Comment 40 youenn fablet 2017-08-25 10:03:36 PDT
On the EWS leak bot, I can see some TCP level errors like:


default	09:43:54.343176 -0700	DumpRenderTree	TIC TCP Conn Start [21:0x7fbbca7948d0]
default	09:43:54.351226 -0700	DumpRenderTree	TIC TCP Conn Event [21:0x7fbbca7948d0]: 1 Err(0)
default	09:43:54.351343 -0700	DumpRenderTree	TIC TCP Conn Connected [21:0x7fbbca7948d0]: Err(0)
default	09:43:54.354371 -0700	DumpRenderTree	TIC TCP Conn Event [21:0x7fbbca7948d0]: 2 Err(0)
error	09:43:54.354614 -0700	DumpRenderTree	TIC Read Error [21:0x7fbbca7948d0]: 1:57
default	09:43:54.355162 -0700	DumpRenderTree	TIC TCP Conn Cancel [21:0x7fbbca7948d0]
default	09:43:54.356212 -0700	DumpRenderTree	TIC TCP Conn Destroyed [21:0x7fbbca7948d0]
default	09:43:54.378052 -0700	DumpRenderTree	TIC TCP Conn Start [22:0x7fbbca79ad40]
default	09:43:54.381394 -0700	DumpRenderTree	TIC TCP Conn Start [23:0x7fbbca601770]
default	09:43:54.381732 -0700	DumpRenderTree	TIC TCP Conn Start [24:0x7fbbca1016d0]
default	09:43:54.397447 -0700	DumpRenderTree	TIC TCP Conn Event [22:0x7fbbca79ad40]: 1 Err(0)
default	09:43:54.397536 -0700	DumpRenderTree	TIC TCP Conn Connected [22:0x7fbbca79ad40]: Err(0)

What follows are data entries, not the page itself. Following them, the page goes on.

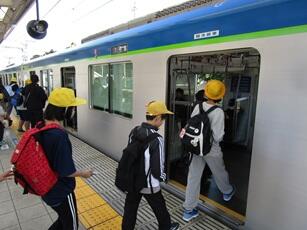 全体を二つのグループに分けて、行きは「まめバス」を使いこども館へ、帰りは「東武アーバンパークライン」で学校へ戻りました。(もう一つのグループは、行きが電車で帰りにバスを利用)
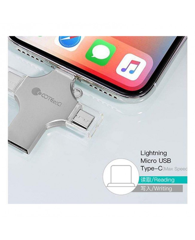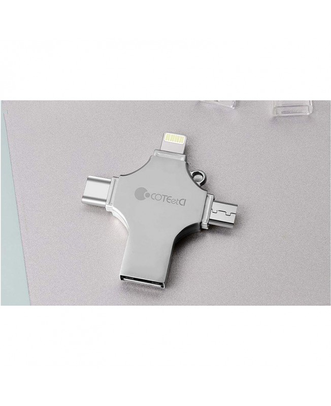 فلش مموری کوتتسی مدل CS8836-32 ظرفیت 32 گیگابایت از 4 کانکتور USB ، microUSB ، Type-C و لایتنینگ می باشد که مقاوم در برابر آب و شوک الکتریکی می باشد.
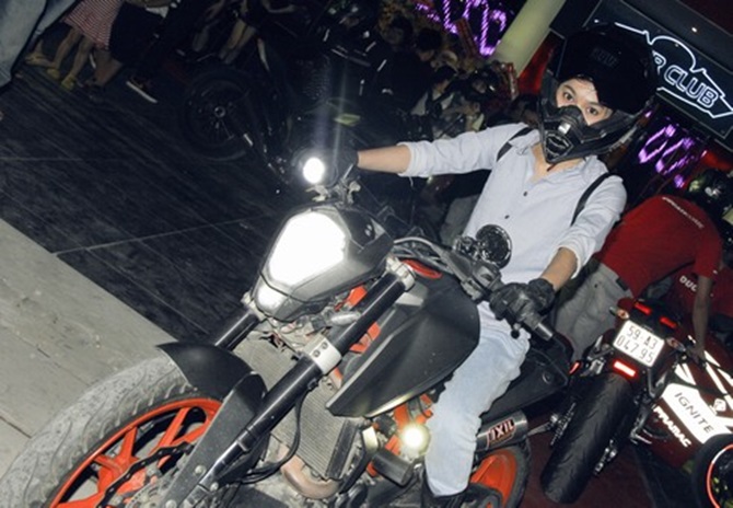 (ĐSPL) - Nhung Kate diện trang phục giản dị thường thấy và tự lái motor gây chú ý khi xuất hiện tại sự kiện khai trương một quán Beer Club ở TP.HCM.
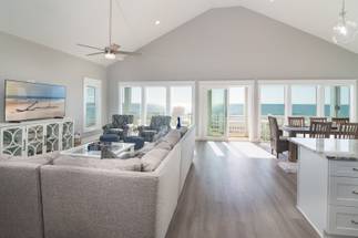 You can also dine on the top floor oceanfront deck while the sun sets over the sparkling Atlantic Ocean! Natural light is abundant in the upstairs common space and high-end appliances and finishes elevate the experience as you enjoy all the home has to offer. The gorgeous décor mimics the blues and greys of the ocean and sets the tone for a relaxing stay. There is even a separate media room where you can enjoy movies, games, and even a sleepover on the queen sleeper sofa. With sleeping for 16, you can enjoy the island life with all of your favorite people!
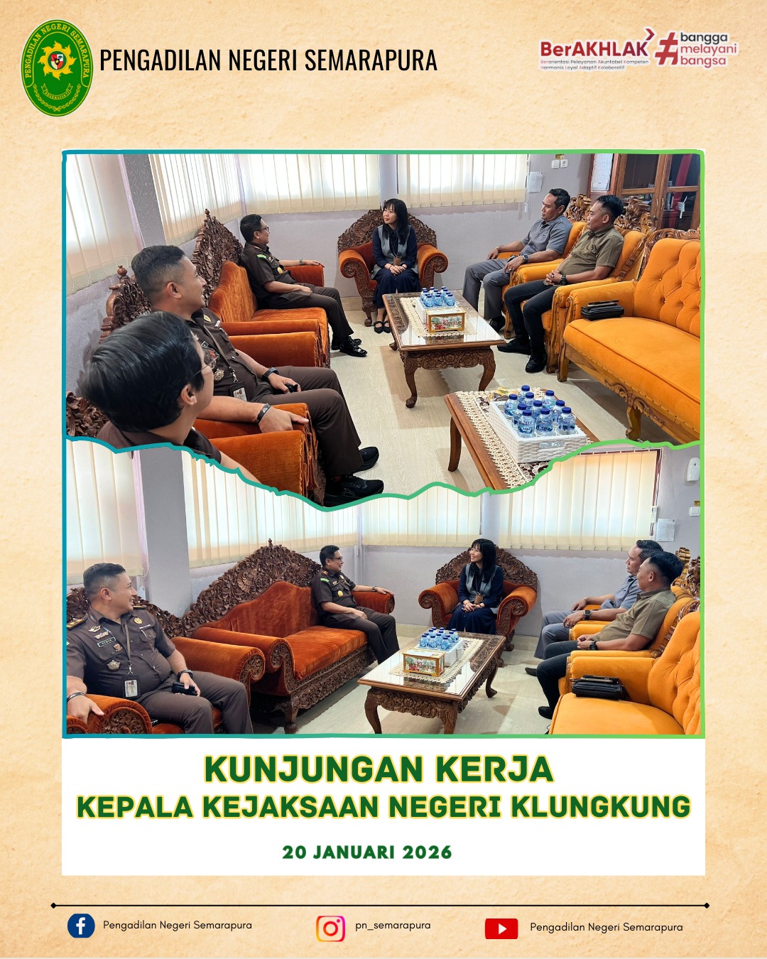 Ketua Pengadilan Negeri Semarapura Ibu Ratih Kusuma Wardhani, S.H.,M.H., didampingi Wakil Ketua Pengadilan Negeri Semarapura, menerima kunjugan kerja dari Kepala Kejaksaan Negeri Klungkung, bertempat di Ruang Ketua Pengadilan Negeri Semarapura.
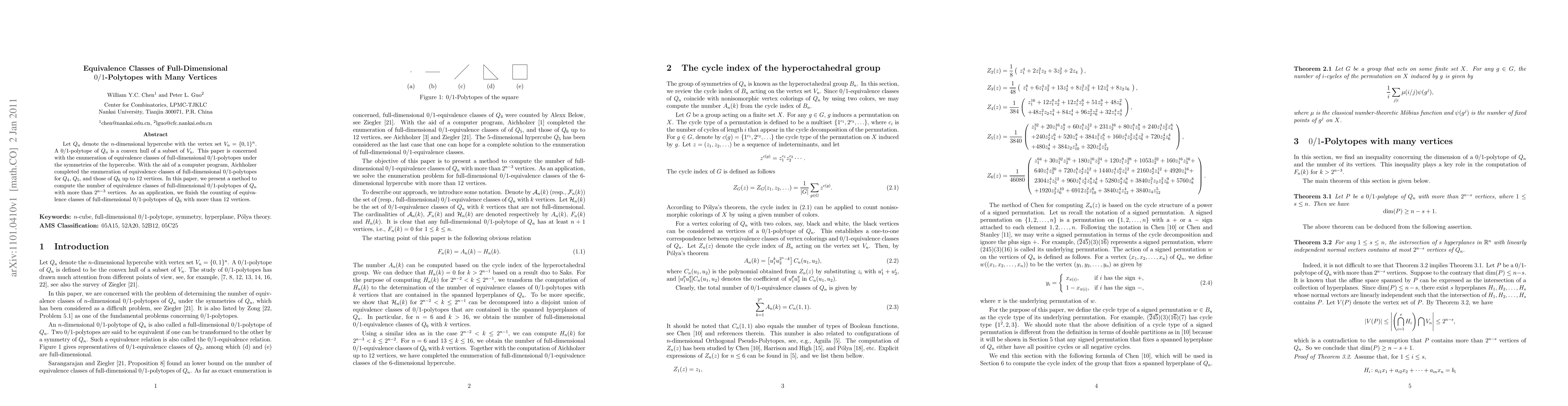 Let $Q_n$ denote the $n$-dimensional hypercube with the vertex set $V_n=\{0,1}^n$. A 0/1-polytope of $Q_n$ is a convex hull of a subset of $V_n$. This paper is concerned with the enumeration of equivalence classes of full-dimensional 0/1-polytopes under the symmetries of the hypercube. With the aid of a computer program, Aichholzer completed the enumeration of equivalence classes of full-dimensional 0/1-polytopes for $Q_4$, $Q_5$, and those of $Q_6$ up to 12 vertices. In this paper, we present a method to compute the number of equivalence classes of full-dimensional 0/1-polytopes of $Q_n$ with more than $2^{n-3}$ vertices. As an application, we finish the counting of equivalence classes of full-dimensional 0/1-polytopes of $Q_6$ with more than 12 vertices.

default	09:43:54.399839 -0700	DumpRenderTree	TIC TCP Conn Event [24:0x7fbbca1016d0]: 1 Err(0)
default	09:43:54.399951 -0700	DumpRenderTree	TIC TCP Conn Connected [24:0x7fbbca1016d0]: Err(0)

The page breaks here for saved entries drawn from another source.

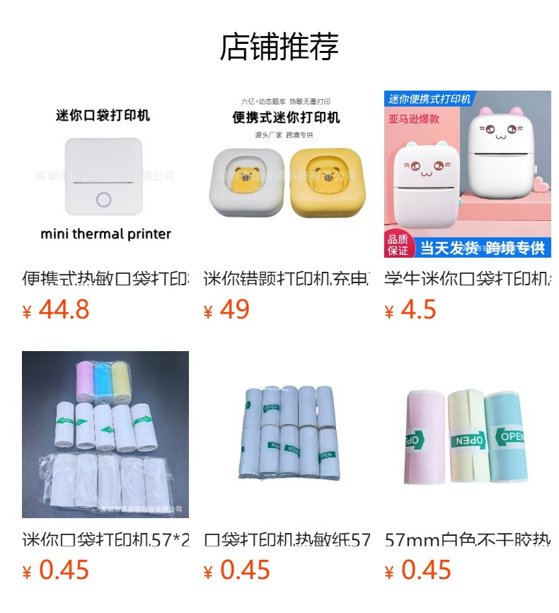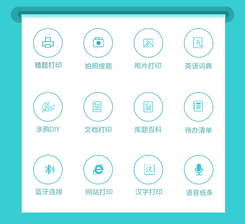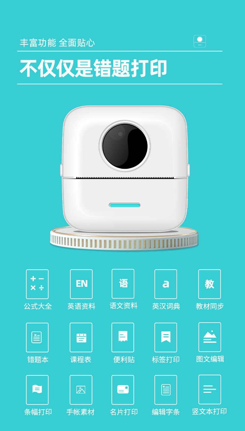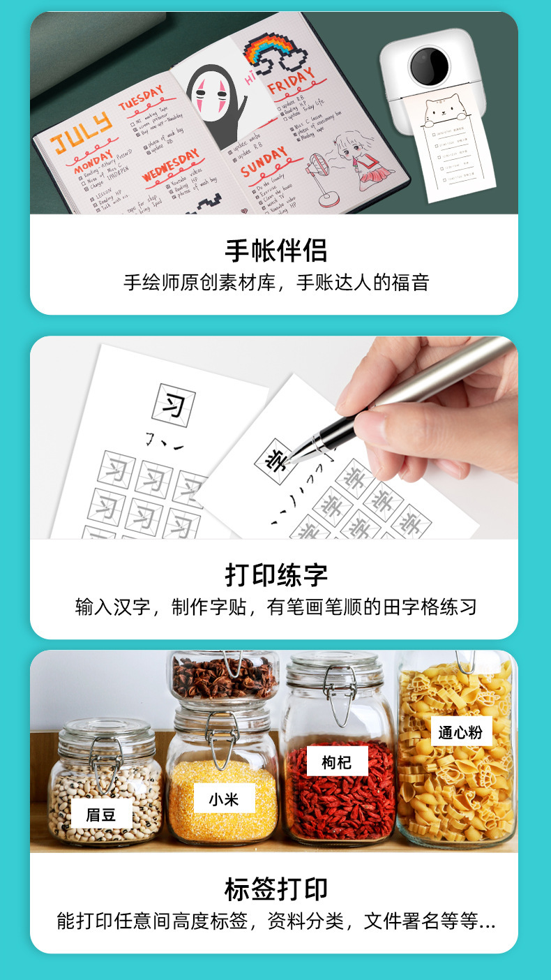 产品功能:照片打印、代办清单、素描画板、 条幅打印、文字提取、语音纸条、网页打印等 颜色分类:白色/粉色 产品尺寸:82*82*45mm 产品净重:175g 产品毛重:260g 包装清单:主机+数据线+说明书+1卷打印纸+外包装 电 源:800mah 连接方式:蓝牙BLE4.0 包装尺寸:97*53*117MM 外箱尺寸:411*280*371MM 装箱规格:60台/箱 毛 重:16.6KG
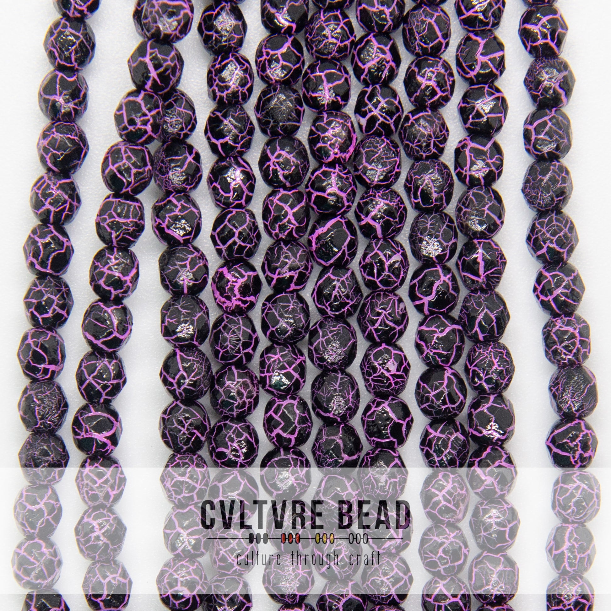 Ionic Jet/Pink - Czech Fire polished Beads - 4mm
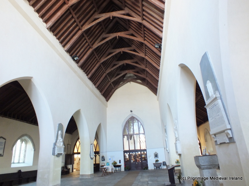 St Colman’s Church of Ireland sits across the street. This building has a modern appearance but much of its fabric dates to the medieval period. The church was originally built c.1270-80. It has a cruciform plan with an aisle-less choir, a nave with two aisles, two transepts and a chapter house projecting from the north side of the choir.

default	09:43:54.404178 -0700	DumpRenderTree	TIC TCP Conn Event [24:0x7fbbca1016d0]: 2 Err(0)
default	09:43:54.404477 -0700	DumpRenderTree	TIC TCP Conn Event [22:0x7fbbca79ad40]: 2 Err(0)

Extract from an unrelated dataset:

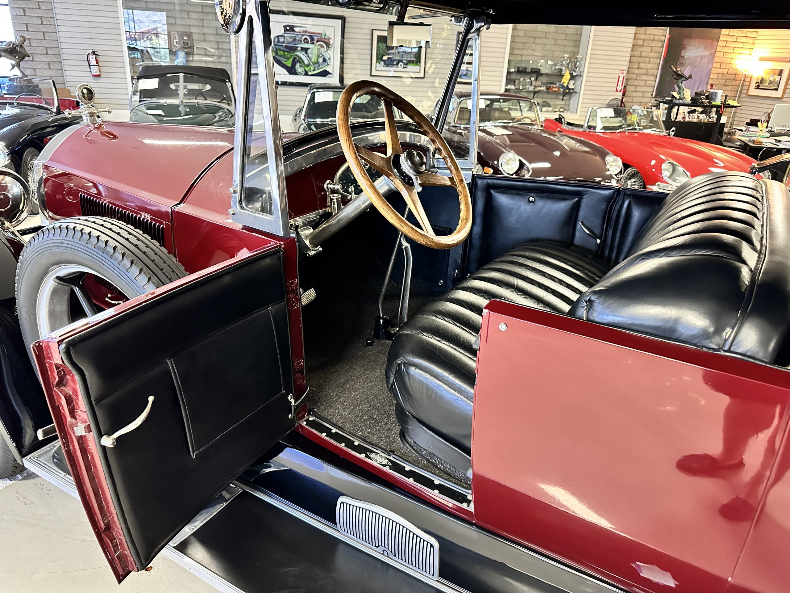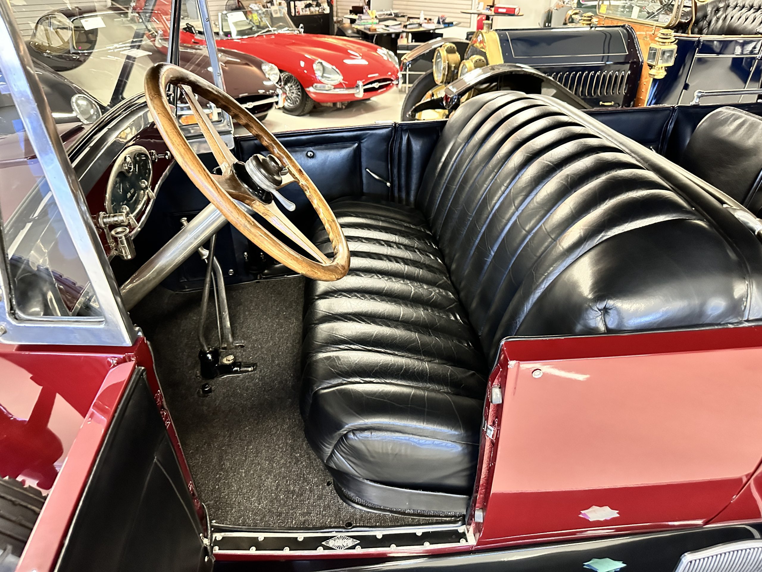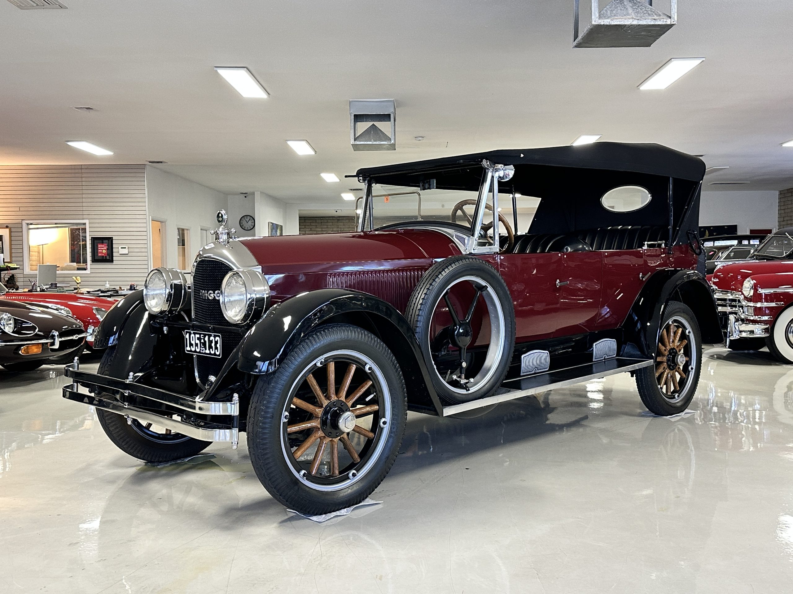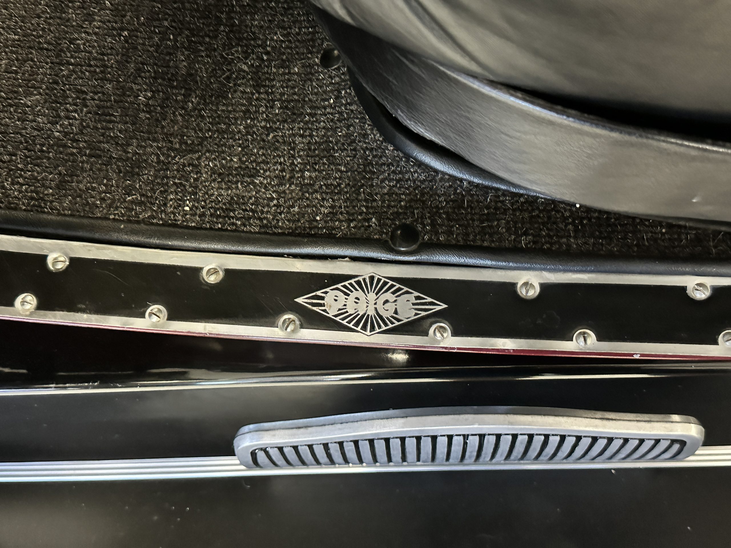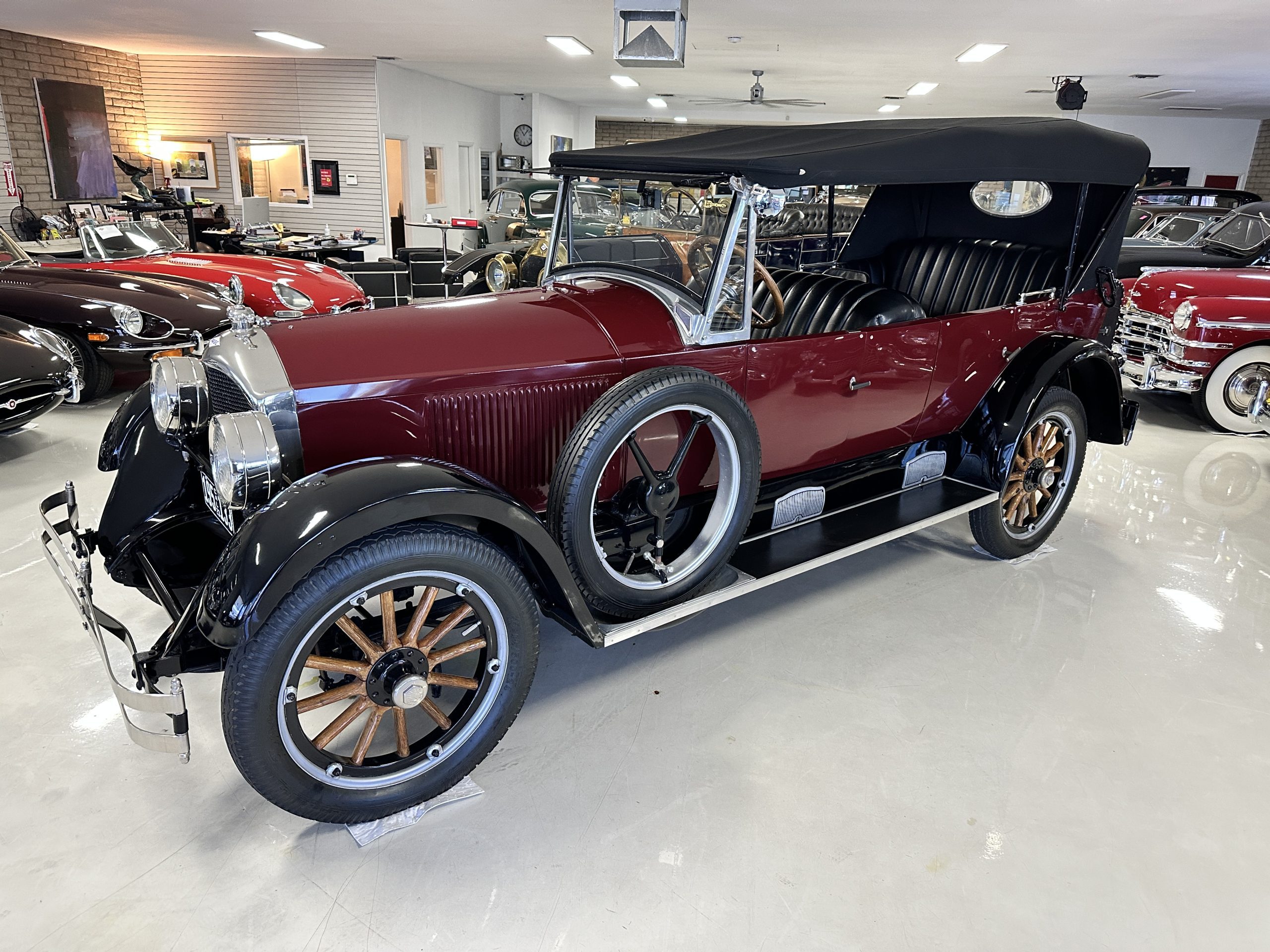 The livery is gorgeous in Burgundy and Black two tone with a black canvas convertible top. The paint is still in very nice show condition consistent with 250 miles added since being restored. The black canvas convertible top is as new and featured a beveled oval rear window. The 24-inch wooden artillery wheels look new. The gorgeous, sculptured chrome grill with its locking Motometer and headlights are in show condition as well. The Paige featured many accessories, such as the double shock absorbing bumpers, cast aluminum windshield frames, dual side mounted spares and a beautifully designed cut curved area for the rear trunk. This Paige has a fully restored trunk that is a showstopper. The tinted external sun visor is a very practical feature that we benefitted from here in the Arizona sun. Overall, this Paige is still quite a show car and is well detailed throughout.

error	09:43:54.405014 -0700	DumpRenderTree	TIC Read Error [22:0x7fbbca79ad40]: 1:57
error	09:43:54.405163 -0700	DumpRenderTree	TIC Read Error [24:0x7fbbca1016d0]: 1:57
default	09:43:54.405692 -0700	DumpRenderTree	TIC TCP Conn Cancel [22:0x7fbbca79ad40]
default	09:43:54.406162 -0700	DumpRenderTree	TIC TCP Conn Cancel [24:0x7fbbca1016d0]
default	09:43:54.406647 -0700	DumpRenderTree	TIC TCP Conn Destroyed [22:0x7fbbca79ad40]
default	09:43:54.406970 -0700	DumpRenderTree	TIC TCP Conn Destroyed [24:0x7fbbca1016d0]
default	09:44:20.479517 -0700	DumpRenderTree	TIC TCP Conn Event [23:0x7fbbca601770]: 3 Err(60)
error	09:44:20.479702 -0700	DumpRenderTree	TIC TCP Conn Failed [23:0x7fbbca601770]: 1:60 Err(60)
default	09:44:20.479859 -0700	DumpRenderTree	TIC TCP Conn Cancel [23:0x7fbbca601770]
default	09:44:20.480167 -0700	DumpRenderTree	TIC TCP Conn Destroyed [23:0x7fbbca601770]
error	09:44:20.481225 -0700	DumpRenderTree	HTTP load failed (error code: -1001 [1:60])
error	09:44:20.481645 -0700	DumpRenderTree	NSURLConnection finished with error - code -1001

It seems that in some cases, we got some ENOTCON/ETIMEDOUT errors leading to NSURLConnection failing with timeout.
Comment 41 Alexey Proskuryakov 2017-09-07 15:25:56 PDT
Is there anything to undo here (remove logging, unskip tests)?
Comment 42 youenn fablet 2017-09-07 15:47:13 PDT
We should unskip the event-data.html test.
The logging will be removed next time we resync WPT tests
Comment 43 youenn fablet 2017-09-15 09:33:34 PDT
Created attachment 320912 [details]
Patch
Comment 44 WebKit Commit Bot 2017-09-15 10:03:03 PDT
Comment on attachment 320912 [details]
Patch

Clearing flags on attachment: 320912

Committed r222094: <http://trac.webkit.org/changeset/222094>
Comment 45 WebKit Commit Bot 2017-09-15 10:03:05 PDT
All reviewed patches have been landed.  Closing bug.